しばらく上ると蓑毛のバス停に到着。この日のしんどさは坂のきつさよりも、日差しの強さの方が辛く感じます。
自転車に乗っていて道を知っているというのは大きなアドバンテージです。日差しのことだけ気にしていればいいわけですからね。
北海道に行ったときは知っている道など1つもなく、荷物は多いわ、天候は安定しないわ、熊出没注意だで随分と鍛えられました。
あの時の経験も少しは活かされているのかもしれませんね。
噂をすれば、蓑毛のバス停から少し行ったところに「熊出没注意」の看板が現れました。ツキノワグマかな?
こんな看板、昔あったかなあ。北海道で嫌というほど経験してきましたが、何度見てもドキッとしますね。
蓑毛以降は傾斜の厳しい坂が少なく、ママチャリでもそれなりに上れますね。
木漏れ日の中なので涼しいのが良いです。汗をかくと山道は冷えるのでシャツの代えはあった方がいいかな。
段々と景色が高くなっていきます。
このママチャリは内装3段式でリアスプロケットを16Tから18Tに交換しています。
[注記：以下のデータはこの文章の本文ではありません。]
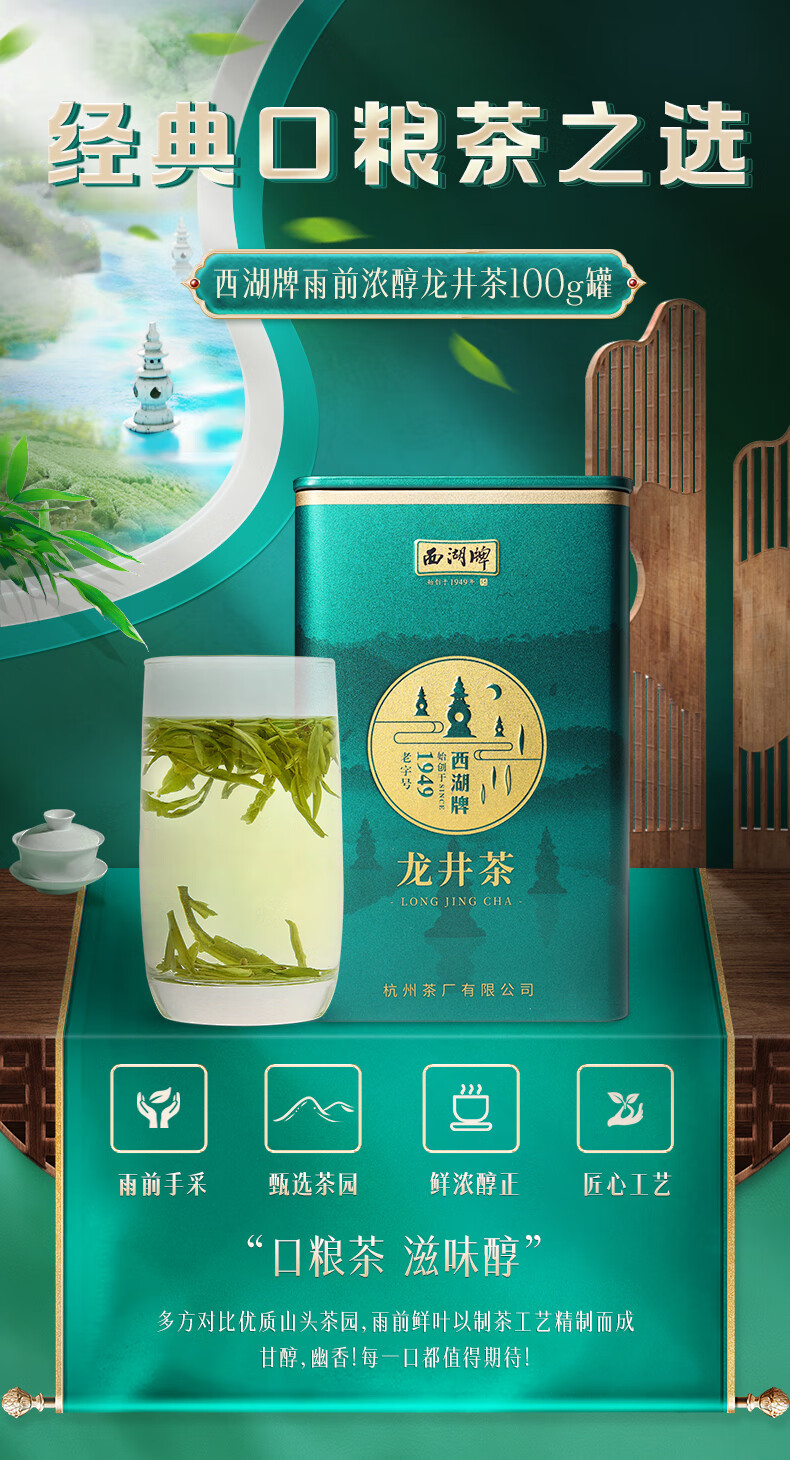 West Lake Brand 2025 New Tea Launched Green Tea Rich Longjing Tea Canned Before the Rain 100g Spring Tea Hangzhou Tea Factory

ちなみに前は32Tでと後ろ18Tとのギア比は1.30、1.78、2.42です。
一番軽い1.30があれば、蓑毛以降はいけるかな。蓑毛までは自分の場合、ひざの怪我を覚悟すれば何とか。笑
ひざの怪我を心配するならば、ママチャリで峠に来るなという話ですが…。
植物の観察も楽しみの1つ
道中、植物の観察もしながら上ります。ヤマユリとホタルブクロが咲いていました。
1回目に上ったときもヤマユリをみているんですよね。ということは、当時も7月かな?毎回毎回暑い時期に上っているな…。
しばらくすると浅間神社に到着。この神社は前々から気になっていたので、今回は下山時に行ってみることにします。
ちなみにここら辺で何台か車に追い抜かれたのですが、カップルのお姉さんに指さされてママチャリだって笑われました。ほっとけ!笑
菜の花台展望台にやってきました。
ここまでくると頂上まで後ちょっとという気持ちになりますが、実際は地味に距離があります。はやる気持ちを抑えてコツコツ進みます。
標高が上がるにつれてちらほらタマアジサイを見かけました。蕾の形が玉になっていて面白いですね。
植物は標高や光の当たり具合、土質などで育つ種類が変わります。自生する植物を観察すると色々なことが分かって勉強になります。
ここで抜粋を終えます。